To add these to the plot, you could do:

pred <- predict(res, newmods=diag(4), tau2.levels=1:4)
arrows(1:4, pred$pi.lb, 1:4, pred$pi.ub, lwd=3, code=3, angle=90, length=0.1)

> But more important question: how to derive in an easy way for a non-
> biostatistician the V matrix choosing the phi values for:
>
> V <- vcalc(vi, cluster=study, time1=time, data=dat, phi=0.8) - 0.8 is in the
> example related to dat.ishak2007.

The 0.8 in the presentation was chosen a bit arbitrarily. In the example code here:

https://wviechtb.github.io/metadat/reference/dat.ishak2007.html

V is calculated using phi=0.97.

Technically, there is a different value of the autocorrelation coefficient for each study. If one had the raw data for a study, one could easily compute this. However, in practice, this is often not available.
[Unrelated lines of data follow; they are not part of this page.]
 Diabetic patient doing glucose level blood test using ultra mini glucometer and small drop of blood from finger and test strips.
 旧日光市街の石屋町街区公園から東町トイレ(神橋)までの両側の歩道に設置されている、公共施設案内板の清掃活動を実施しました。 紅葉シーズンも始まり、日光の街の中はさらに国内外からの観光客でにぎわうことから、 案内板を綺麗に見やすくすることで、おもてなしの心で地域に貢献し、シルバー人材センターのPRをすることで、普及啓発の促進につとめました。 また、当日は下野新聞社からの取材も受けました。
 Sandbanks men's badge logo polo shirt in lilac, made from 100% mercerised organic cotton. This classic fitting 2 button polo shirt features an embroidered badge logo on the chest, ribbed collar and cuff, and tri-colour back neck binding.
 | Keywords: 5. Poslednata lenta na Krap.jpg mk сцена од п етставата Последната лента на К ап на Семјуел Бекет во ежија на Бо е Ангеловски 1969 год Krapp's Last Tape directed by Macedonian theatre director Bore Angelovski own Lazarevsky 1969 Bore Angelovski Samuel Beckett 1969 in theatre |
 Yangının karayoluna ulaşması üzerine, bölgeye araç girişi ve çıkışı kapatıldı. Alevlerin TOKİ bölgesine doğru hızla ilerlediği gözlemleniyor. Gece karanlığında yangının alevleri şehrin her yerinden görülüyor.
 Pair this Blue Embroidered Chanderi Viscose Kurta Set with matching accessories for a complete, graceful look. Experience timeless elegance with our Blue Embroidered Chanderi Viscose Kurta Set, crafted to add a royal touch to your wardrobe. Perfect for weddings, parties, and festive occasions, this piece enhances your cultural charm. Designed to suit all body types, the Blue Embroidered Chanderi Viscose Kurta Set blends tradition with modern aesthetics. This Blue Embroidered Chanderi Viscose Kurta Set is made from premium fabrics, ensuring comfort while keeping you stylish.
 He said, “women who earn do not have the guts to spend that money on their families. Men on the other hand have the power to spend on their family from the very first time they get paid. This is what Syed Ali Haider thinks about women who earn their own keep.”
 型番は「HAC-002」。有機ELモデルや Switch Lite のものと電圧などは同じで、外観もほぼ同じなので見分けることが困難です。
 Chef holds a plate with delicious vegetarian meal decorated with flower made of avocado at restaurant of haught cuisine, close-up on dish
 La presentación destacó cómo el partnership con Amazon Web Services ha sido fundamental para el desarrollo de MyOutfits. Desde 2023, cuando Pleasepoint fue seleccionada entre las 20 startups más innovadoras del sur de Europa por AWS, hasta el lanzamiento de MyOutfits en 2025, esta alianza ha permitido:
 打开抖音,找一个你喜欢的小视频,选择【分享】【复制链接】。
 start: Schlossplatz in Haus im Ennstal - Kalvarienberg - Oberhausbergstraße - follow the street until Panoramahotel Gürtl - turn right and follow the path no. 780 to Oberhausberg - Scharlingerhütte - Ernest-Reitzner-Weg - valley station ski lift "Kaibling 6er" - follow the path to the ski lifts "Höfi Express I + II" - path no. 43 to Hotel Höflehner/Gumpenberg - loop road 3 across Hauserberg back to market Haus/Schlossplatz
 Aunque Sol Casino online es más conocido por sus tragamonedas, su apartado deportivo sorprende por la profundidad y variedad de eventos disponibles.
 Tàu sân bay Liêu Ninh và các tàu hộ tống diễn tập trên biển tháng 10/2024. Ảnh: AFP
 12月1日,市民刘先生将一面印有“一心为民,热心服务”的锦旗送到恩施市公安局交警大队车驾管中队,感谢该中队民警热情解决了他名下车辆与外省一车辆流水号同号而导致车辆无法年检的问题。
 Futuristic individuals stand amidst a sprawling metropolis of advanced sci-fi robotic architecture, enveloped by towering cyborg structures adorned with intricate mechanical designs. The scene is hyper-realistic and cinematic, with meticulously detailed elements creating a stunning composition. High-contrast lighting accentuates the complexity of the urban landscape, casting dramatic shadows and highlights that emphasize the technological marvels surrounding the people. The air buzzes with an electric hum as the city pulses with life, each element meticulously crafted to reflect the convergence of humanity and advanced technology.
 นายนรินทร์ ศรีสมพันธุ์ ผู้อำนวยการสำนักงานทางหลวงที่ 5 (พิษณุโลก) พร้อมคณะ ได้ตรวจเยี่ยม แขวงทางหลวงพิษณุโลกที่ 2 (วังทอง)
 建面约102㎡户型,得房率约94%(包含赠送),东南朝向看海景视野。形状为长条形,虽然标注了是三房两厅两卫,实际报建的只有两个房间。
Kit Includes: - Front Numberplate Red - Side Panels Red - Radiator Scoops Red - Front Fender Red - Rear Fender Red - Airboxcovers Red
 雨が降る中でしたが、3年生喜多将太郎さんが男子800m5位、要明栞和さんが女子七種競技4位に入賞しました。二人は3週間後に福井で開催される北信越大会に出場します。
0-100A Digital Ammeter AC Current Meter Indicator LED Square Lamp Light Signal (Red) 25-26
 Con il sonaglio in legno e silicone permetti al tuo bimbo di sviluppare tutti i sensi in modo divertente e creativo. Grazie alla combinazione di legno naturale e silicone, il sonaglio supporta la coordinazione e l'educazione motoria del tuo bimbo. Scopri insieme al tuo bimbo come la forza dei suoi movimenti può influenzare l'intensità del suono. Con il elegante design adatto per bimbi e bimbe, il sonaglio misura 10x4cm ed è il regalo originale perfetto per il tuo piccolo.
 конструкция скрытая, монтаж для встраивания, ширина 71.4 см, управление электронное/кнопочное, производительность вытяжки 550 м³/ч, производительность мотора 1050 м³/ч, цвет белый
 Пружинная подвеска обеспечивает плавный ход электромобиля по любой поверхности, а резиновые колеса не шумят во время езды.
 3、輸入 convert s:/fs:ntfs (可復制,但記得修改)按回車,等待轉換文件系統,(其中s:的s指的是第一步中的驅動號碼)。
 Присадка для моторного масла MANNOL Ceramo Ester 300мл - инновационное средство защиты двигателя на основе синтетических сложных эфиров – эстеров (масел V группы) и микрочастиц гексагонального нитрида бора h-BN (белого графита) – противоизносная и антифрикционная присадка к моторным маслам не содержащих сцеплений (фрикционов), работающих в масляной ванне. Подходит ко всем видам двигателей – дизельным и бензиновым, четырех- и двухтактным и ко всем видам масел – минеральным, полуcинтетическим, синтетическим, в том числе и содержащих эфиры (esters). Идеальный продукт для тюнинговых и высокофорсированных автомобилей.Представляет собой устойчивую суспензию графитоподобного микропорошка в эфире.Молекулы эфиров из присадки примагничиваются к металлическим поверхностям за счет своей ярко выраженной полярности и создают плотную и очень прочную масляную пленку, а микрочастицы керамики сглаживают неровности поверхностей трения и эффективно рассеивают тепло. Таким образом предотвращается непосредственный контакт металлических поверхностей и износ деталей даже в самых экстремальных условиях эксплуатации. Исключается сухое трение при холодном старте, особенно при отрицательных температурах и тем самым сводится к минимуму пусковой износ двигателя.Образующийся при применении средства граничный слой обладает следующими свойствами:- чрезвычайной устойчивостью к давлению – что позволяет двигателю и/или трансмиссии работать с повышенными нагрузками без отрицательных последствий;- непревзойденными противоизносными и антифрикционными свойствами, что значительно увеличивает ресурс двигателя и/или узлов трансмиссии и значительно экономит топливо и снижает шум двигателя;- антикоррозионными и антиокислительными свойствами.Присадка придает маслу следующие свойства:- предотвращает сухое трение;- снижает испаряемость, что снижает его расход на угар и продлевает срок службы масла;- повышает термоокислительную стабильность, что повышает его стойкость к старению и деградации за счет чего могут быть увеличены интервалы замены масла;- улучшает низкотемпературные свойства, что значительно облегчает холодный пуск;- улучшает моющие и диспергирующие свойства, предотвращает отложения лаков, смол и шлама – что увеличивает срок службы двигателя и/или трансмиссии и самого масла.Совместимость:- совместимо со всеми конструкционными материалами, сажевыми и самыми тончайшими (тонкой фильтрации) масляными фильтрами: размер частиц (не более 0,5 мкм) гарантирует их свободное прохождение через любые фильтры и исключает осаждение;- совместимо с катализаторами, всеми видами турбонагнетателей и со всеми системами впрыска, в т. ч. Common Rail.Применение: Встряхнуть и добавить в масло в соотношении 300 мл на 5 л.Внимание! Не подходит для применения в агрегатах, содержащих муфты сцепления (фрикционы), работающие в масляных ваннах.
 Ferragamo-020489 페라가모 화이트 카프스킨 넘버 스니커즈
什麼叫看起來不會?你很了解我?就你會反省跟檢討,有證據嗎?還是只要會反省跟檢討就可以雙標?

Often, we just use a 'guestimate' (which may be based on one or two studies for which the raw data are actually available) and assume that this applies to all studies.

In the actual analyses of these data, the authors (Ishak et al., 2007) actually estimated the value of phi from the studies at hand. In essence, we just profile the likelihood over different values of phi and check for which value of phi the likelihood is maximized:

phis <- seq(0.8, 0.99, by=0.01)
lls <- sapply(phis, function(phi) {
V <- vcalc(vi, cluster=study, time1=time, data=dat, phi=phi)
res <- rma.mv(yi, V, mods = ~ factor(time) - 1, random = ~ time | study,
              struct="HAR", data=dat, digits=2)
logLik(res)
})

plot(phis, lls, type="o", pch=21, bg="lightgray")
abline(v=phis[which.max(lls)])
phis[which.max(lls)]

This leads to the estimate of 0.97. In my experience, trying to do this with other datasets often doesn't work so well and the estimate of the correlation drifts towards -1 or +1. In fact, the estimated value above seems awfully high to me. So this is why I just (somewhat naively) used 0.8 in the presentation. However, the assumed value of phi has only a minor impact on the results, so it doesn't matter (at least in this example) too much what we use in the first place.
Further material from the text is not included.